There is a utilitarian argument that when it comes to vaccination against infectious disease, the rights of the individual ought to be suspended for the benefit of the many. Yet there is a big hole in this argument when it comes to Covid: while the vaccines used so far have proved themselves to be highly effective at preventing serious illness and death, they are much less good at preventing infection. As pointed out in a letter in the Lancet last week by Günter Kampf, an epidemiologist at Greifswald medical school in Germany, 55 per cent of recent Covid cases among Germans over 60 have been in fully vaccinated individuals. Compulsory vaccination, or locking down the unvaccinated, might reduce risk and reduce hospitalisations and deaths but they will hardly take all risk out of circulation — the virus will still spread among large numbers of people. Kamf was especially critical of people lazily asserting that we are now in a ‘pandemic of the unvaccinated’; which he argued is fundamentally untrue.

A word ought to be said about another — surprising — brand of anti-vaccination opinion: that expressed by the World Health Organisation (WHO) against booster jabs. As recently as August the body put out a statement opposing plans by Britain and other western countries that were already planning third doses. ‘Offering booster doses to a large proportion of a population when many have not even received a first dose undermines the principle of national and global equity,’ it stated. By September, the WHO had started to change its mind. Now that the virus has returned with a vengeance to Europe, we don’t hear much of that argument anymore. On the contrary, we hear only complaints that countries are not progressing fast enough with their booster programmes.

Booster jabs is one area in which Britain is ahead. Boris Johnson defied some of his scientific advisers in removing Covid restrictions in July and defied the WHO in planning a booster programme.
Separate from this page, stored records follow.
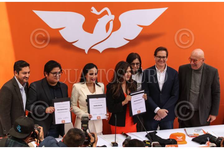 CIUDAD DE MÉXICO, 19FEBRERO2024.- Antonio Aguilar, Mitzi Badillo Juárez, Alonso Flores, Gibrán Ramírez, Sandra Cuevas,Julieta Macías Rábago, Dante Delgado, Alejandra Barrales, Salomón Chertorivski, Alberto Tlaxcalteco y Lilyana Barajas Rivas durante la presentación como candidatas al senado de la República. FOTO: ANDREA MURCIA /CUARTOSCURO.COM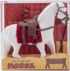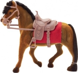 Schattige paardenfiguur van 18 cm met zadel en halster, gemaakt van kunststof met een geflockte (suèdeachtige) afwerking. Verkrijgbaar in 3 kleuren, ideaal voor boerderijspeelpret en het stimuleren van de verbeelding. Geschikt vanaf 3 jaar.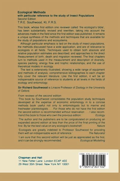 1 Introduction to the study of animal populations.- 1.1 Population Estimates.- 1.2 Errors and Confidence.- 2 The sampling programme and the measurement and description of dispersion.- 2.1 Preliminary Sampling.- 2.2 The Sampling Programme.- 2.3 Dispersion.- 2.4 Sequential Sampling.- 2.5 Presence or Absence Sampling.- 2.6 Sampling a Fauna.- 2.7 Biological and Other Qualitative Aspects of Sampling.- 3 Absolute population estimates using marking techniques.- 3.1 Methods of Marking Animals.- 3.2 Capture-Recapture Methods of Estimating Population Parameters.- 4 Absolute population estimates by sampling a unit of habitat -air, plants, plant products and vertebrate hosts.- 4.1 Sampling from the AIR.- 4.2 Sampling From Plants.- 4.3 Sampling from Vertebrate Hosts.- 5 Absolute population estimates by sampling a unit of habitat-soil and litter.- 5.1 Sampling.- 5.2 Mechanical Methods of Extraction.- 5.3 Behavioural or Dynamic Methods.- 5.4 Summary of the Applicability of the Methods.- 6 Absolute population estimates by sampling a unit of habitat - freshwater habitats.- 6.1 Open Water.- 6.2 Vegetation.- 6.3 Bottom Fauna.- 7 Relative methods of population measurement and the derivation of absolute estimates.- 7.1 Factors Affecting the size of Relative Estimates.- 7.2 The uses of Relative Methods.- 7.3 Relative Methods - Catch Per Unit Effort.- 7.4 Relative Methods - Trapping.- 8 Estimates based on products and effects of insects.- 8.1 Products.- 8.2 Effects.- 9 Observational and experimental methods for the estimation of natality, mortality and dispersal.- 9.1 Natality.- 9.2 Mortality.- 9.5 Dispersal.- 10 The Construction, description and analysis of age-specific life-tables.- 10.1 Types of Life-Table and the Budget.- 10.2 The Construction of a Budget.- 10.3 The Description ofBudgets and Life-Tables.- 10.4 The Analysis of Life-Table Data.- 11 Age-grouping of insects, time-specific life-tables and predictive population models.- 11.1 Age-Grouping of Insects.- 11.2 Time-Specific Life Table and Survival Rates.- 11.3 Predictive Population Models.- 12 Systems analysis and modelling in ecology.- 12.1 Types of Systems Model.- 12.2 Analysis and Simulation in Models.- 12.3 Deterministic and Stochastic Models.- 12.4 Difference and Differential Models.- 13 Diversity, species packing and habitat description.- 13.1 Diversity.- 13.2 Species Packing.- 13.3 Habitats.- 14 The estimation of productivity and the construction of energy budgets.- 14.1 Estimation of Standing Crop.- 14.2 Estimation of Energy Flow.- 14.3 The Energy Budget, Efficiencies and Transfer Coefficients.- 14.4 Assessment of Energy and Time Cost Strategies.- Author Index.- General Index.

Yet his decision to rely on vaccines rather than vaccine passports looks at the moment to be vindicated, as Britain is entering winter with many more older people freshly jabbed.

It would be foolish to boast too soon, but Johnson’s policy of opening up society in the summer — exposing those who had declined to be vaccinated to the virus at a point when hospitals were under little pressure — might turn out to have been a better move than keeping restrictions, which in Europe succeeded only in delaying another Covid wave until the autumn. The latest ONS antibody study found in the week beginning 1 November an estimated 93 per cent of UK adults were carrying antibodies to Covid-19, suggesting that Britain has a high level of immunity, gained either through vaccination or recovery from the virus.

The relatively high levels of infection over the summer and early autumn may turn out to be what defends us against the surge being witnessed on mainland Europe — as well as the public disorder that goes with it. We are indeed the odd one out in Europe, but not necessarily in a bad way.